State Key Laboratory of Resources and Environment Information System, Institute of Geographic Sciences and Natural Resources Research, Chinese Academy of Sciences, Beijing, 100101, China; University of Chinese Academy of Sciences, Beijing, 100049, China.
University of Chinese Academy of Sciences, Beijing, 100049, China; Key Laboratory of Land Surface Pattern and Simulation, Institute of Geographic Sciences and Natural Resources Research, Chinese Academy of Sciences, Beijing, 100101, China.

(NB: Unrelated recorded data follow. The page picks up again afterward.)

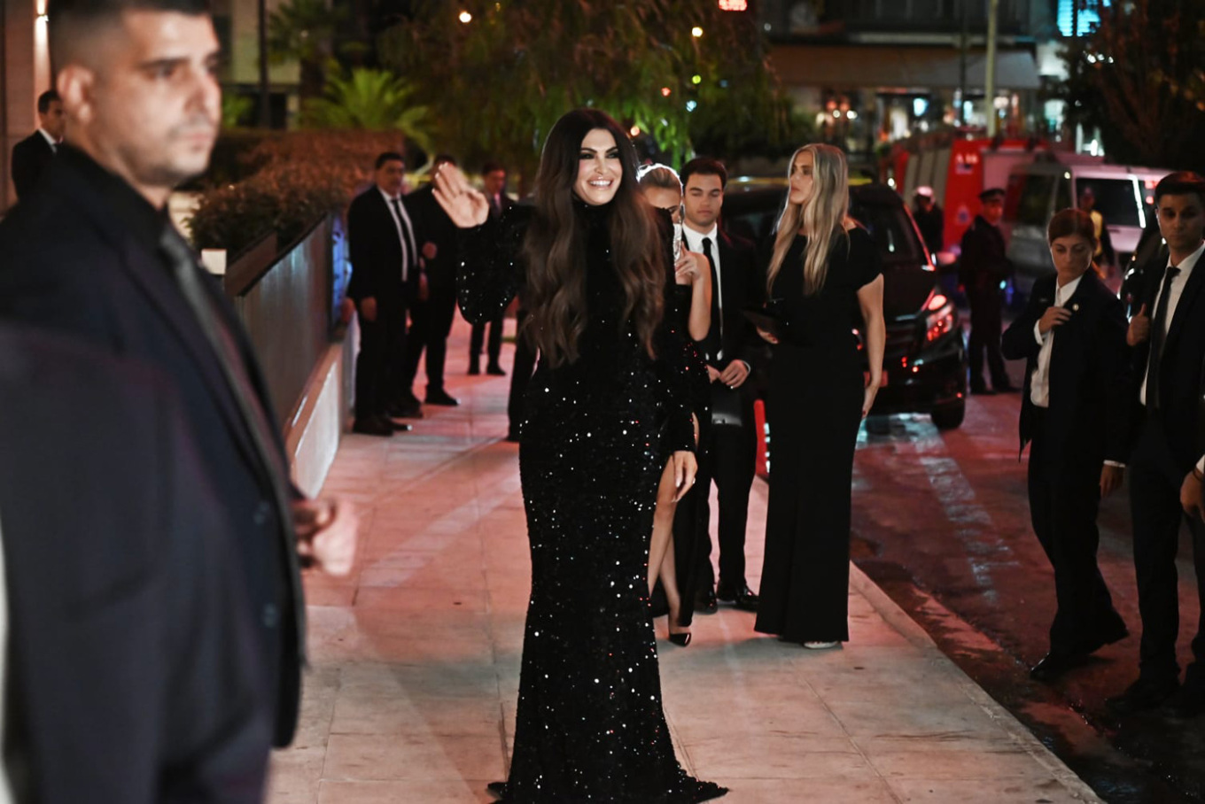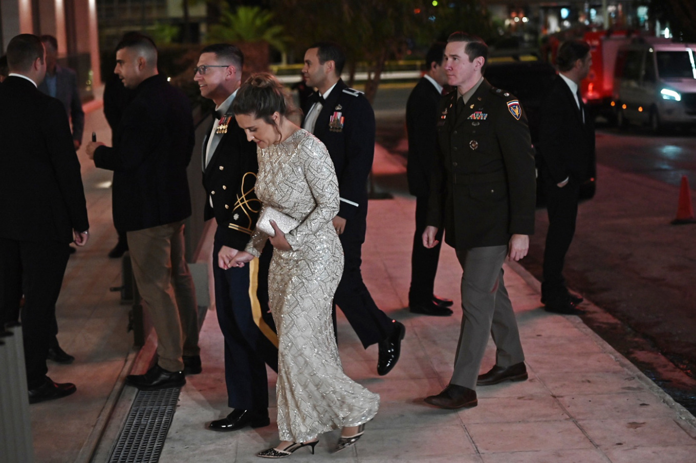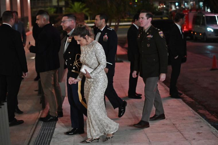 Στις πρώτες εν Αθήναις φωτογραφίες της, η Αμερικανίδα πρέσβης εμφανίστηκε λαμπερή και χαμογελαστή μπροστά στα φλας των φωτογράφων, φορώντας ένα μακρύ μαύρο φόρεμα με στρας και χαιρετώντας τον κόσμο που είχε συγκεντρωθεί από το ξενοδοχείο στη λεωφόρο Συγγρού.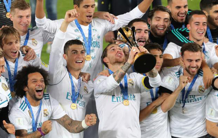 El Universal/La Voz de Michoacán Abu Dabi, Emiratos Arabes Unidos. Un tanto de Cristiano Ronaldo a los 53 minutos tumbó el planteamiento del Gremio y dio al Real Madrid su tercer Mundial de Clubes, igualando al Barcelona como equipo más laureado del torneo. El Real Madrid cierra el año con más títulos de su historia, un 2017 en el que ha conseguido cinco, con un Mundial de Clubes en Abu Dabi que decidió el máximo goleador de la historia de la competición, el portugués Cristiano Ronaldo, con un lanzamiento de falta. Fue el premio al dominio del equipo dirigido por Zinedine Zidane, especialista en ganar finales, ante un Gremio que no chutó en ninguna acción del partido a puerta.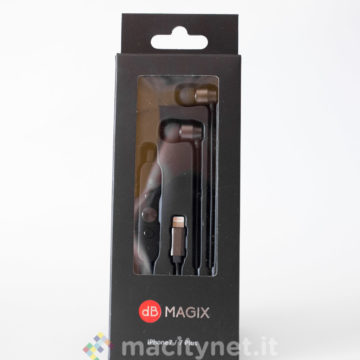 In questi giorni abbiamo provato alcuni accessori di dB Magix per iPhone 7 dedicati al mondo della musica. Uno di questi è PLX1, un paio di auricolari in-ear accompagnati da un’app che permette di amplificare le frequenze con un click; gli altri due (AC1 e AC3) sono adattatori che permettono di collegare le cuffie con cavo jack da 3.5mm attraverso la porta Lightning, uno dei quali offre una presa Lightning passante per poter contemporaneamente ricaricare il telefono.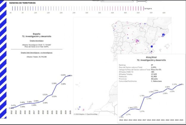 Alcoy es la octava ciudad española de más de 50.000 habitantes con mayor peso del empleo tecnológico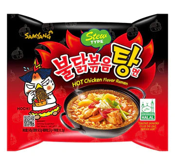 Experience the fiery and delicious flavors of Samyang Buldak Stew Type Hot Chicken Flavour Ramen Noodles! This pack includes five servings of chewy ramen noodles in a savory, spicy broth. Perfect for satisfying cravings and igniting your taste buds!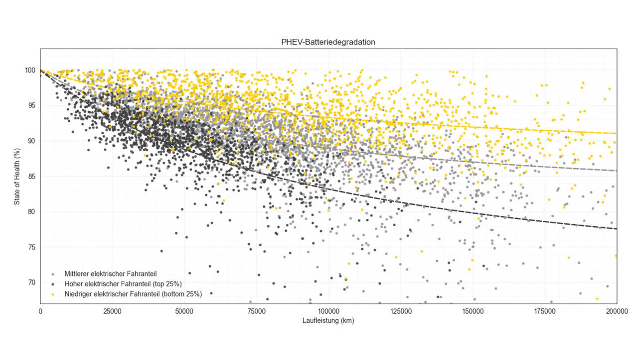 研究顯示,各品牌PHEV電池表現呈現顯著差異。梅賽德斯-奔馳車型展現出卓越的穩定性,其電池性能衰減與純電使用頻率無關,始終以漸進式下降。即便行駛20萬公里后,電池健康狀態仍優于多數競品,成為測試中最可預測的品牌。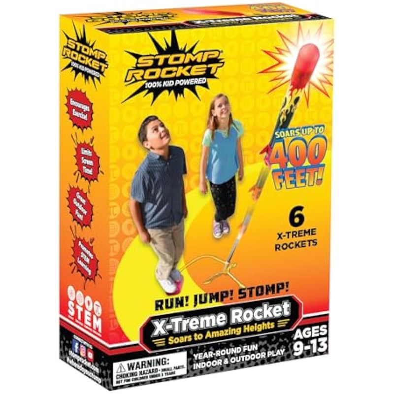 BEBES Y NIÑOSJUGUETESStomp Rocket Lanzador X-Treme de súper alto rendimiento, se eleva hasta 400 pies, 6 cohetes de

J Environ Manage. 2021 Dec 15;300:113757. doi: 10.1016/j.jenvman.2021.113757. Epub 2021 Sep 16.
As a prominent part of global and regional terrestrial carbon (C) pools, increases in forest biomass C sinks can be attributed to either forest areal expansion (FAE) or increased biomass C density (IBCD). Accurate estimates of the relative contributions of FAE and IBCD to forest C sequestration can improve our understanding of forest C cycling processes and will help to formulate rational afforestation policies to cope with global warming. In this study, the Continuous Biomass Expansion Factor (CBEF) model and Forest Identity concept were used to map the spatiotemporal variation of the relative contribution of FAE and IBCD to the C sequestration of forest (natural and planted forests) in China and seven regions during the past 40 years. Our results suggest that: (1) total forest biomass C density and stocks of forest increased from 35.41 Mg C ha and 4128.50 Tg C to 43.95 Mg C ha and 7906.23 Tg C in China from 1977 to 2018, respectively; (2) for all forests, the IBCD has been a smaller contributor to C sinks than FAE in China from 1977 to 2018 (33.27 vs. 66.73%); (3) the contribution of FAE to C sinks is greater than that of IBCD in planted forests (63.99 vs. 36.01%), while in natural forests, IBCD has a larger contribution than FAE (57.82 vs. 42.18%) from 1977 to 2018 and the relative contribution of FAE has exceeded IBCD in the last decade; and (4) these patterns varied at the regional level such that the relative contribution of FAE increased for planted forests in most regions but for natural forests, IBCD gradually reached saturation and C stocks declined in northern regions in the last decade. The results from this study suggest that total biomass C sinks will keep increasing because of the increased forest area contributed by afforestation and the relatively young trees in planted forests. This study facilitates a more comprehensive assessment of forest C budgets and improves our understanding of ecological mechanisms of forest biomass carbon stock and dynamics.
作为全球和区域陆地碳(C)库的重要组成部分,森林生物量 C 汇的增加可以归因于森林面积的扩大(FAE)或生物量 C 密度的增加(IBCD)。准确估计 FAE 和 IBCD 对森林 C 封存的相对贡献可以提高我们对森林 C 循环过程的理解,并有助于制定合理的造林政策以应对全球变暖。在这项研究中,连续生物量扩展因子(CBEF)模型和森林身份概念被用于绘制过去 40 年来中国和七个地区森林(天然林和人工林)FAE 和 IBCD 对 C 封存相对贡献的时空变化。我们的结果表明:(1)从 1977 年到 2018 年,中国森林总生物量 C 密度和森林存量分别从 35.41 Mg C ha 和 4128.50Tg C 增加到 43.95 Mg C ha 和 7906.23Tg C;(2)在所有森林中,1977 年至 2018 年,IBCD 对中国森林 C 汇的贡献一直小于 FAE(33.27%比 66.73%);(3)在人工林中,FAE 对 C 汇的贡献大于 IBCD(63.99%比 36.01%),而在天然林中,1977 年至 2018 年,IBCD 对 C 汇的贡献大于 FAE(57.82%比 42.18%),且在过去十年中,FAE 的相对贡献超过了 IBCD;(4)这些模式在区域水平上有所不同,例如,在大多数地区,人工林的 FAE 相对贡献增加,而在过去十年中,北方地区的天然林 IBCD 逐渐达到饱和,森林 C 储量下降。本研究的结果表明,由于造林增加的森林面积和人工林中相对较年轻的树木,总生物量 C 汇将继续增加。本研究有助于更全面地评估森林 C 预算,并提高我们对森林生物量碳储量和动态的生态机制的理解。